В поэтах я изумленно опознал группу московских гостей, несколько лет назад объединившихся под вывеской «Прециозных шалунов» и тогда же, несколько лет назад, бывших очень популярными. Вдохновленные успехом своей грациозно глупой поэзии, шалуны издали том прозы, и на этой довольно-таки посредственной прозе их звезда закатилась. Как я убедился, они не унывали и разъезжали по городам и весям с новой программой.
Я поискал взглядом самого знаменитого шалуна, Бубенцова. Он сидел за столиком в кругу массивных дам, чуть обрюзгший, чуть потасканный, изменивший стиль в одежде — но тем не менее все тот же: прециозный, бойкий, неунывающий и многоречивый. Дамы угощали его шампанским.

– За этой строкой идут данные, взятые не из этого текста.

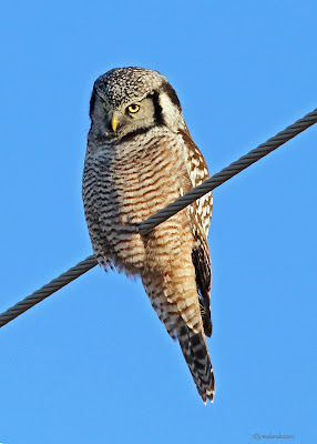 So John, Doug, and I made one last ditch effort to see if the Northern Hawk Owl was perhaps out in the open before heading home, and as we drove along the road, there it was, right out in the open on a wire!! Once again John and Doug's hearing was affected by my screams, but I simmered down enough to take just a few photos:

Откуда-то появились молодые модники, тинейджеры-петиметры, представители тусовок. Все это блистало, орало, пенилось и влеклось к эстраде. Справившись с бархатной хваткой пиджака, я приободрился и начал получать удовольствие.
Я получал удовольствие и не мешал веселиться Григорию, то и дело отбегавшему к столикам каких-то своих знакомых. Знакомых оказалось много, почти все приглашали, мы сновали, вскоре я увидел себя в одной компании с Бубенцовым. Дамы на этот раз были помоложе и менее многочисленны. Бубенцов разглядывал меня несколько озадаченно, но дружелюбно.
— Интересуетесь поэзией? — спросил он наконец.
— Нет, стриптизом.
— На что тут смотреть, — сказала одна из дам.
— Как же, — сказал я, — почему же. Вон та, рыженькая… Но ведь наблюдение — даже если его предмет нехорош и неинтересен — хорошо и интересно само по себе, как самый безболезненный способ приобщиться к жизни. Наблюдения, метафизика… Метафизика стриптиза. Славное название для романа, верно?
— Так вы пишете? — спросил Бубенцов.
— Я не писатель, — сказал я оскорбленно. — Вот уж о чем не мечталось.
Бубенцов мне, как и следовало ожидать, не поверил, и дружелюбное выражение его лица мгновенно сменилось на кислое и недовольное, как будто тот факт, что кто-то другой что-то там пишет, унижал лично его. «Раздавите гадину», читалось на симпатичном опечаленном лице шалуна.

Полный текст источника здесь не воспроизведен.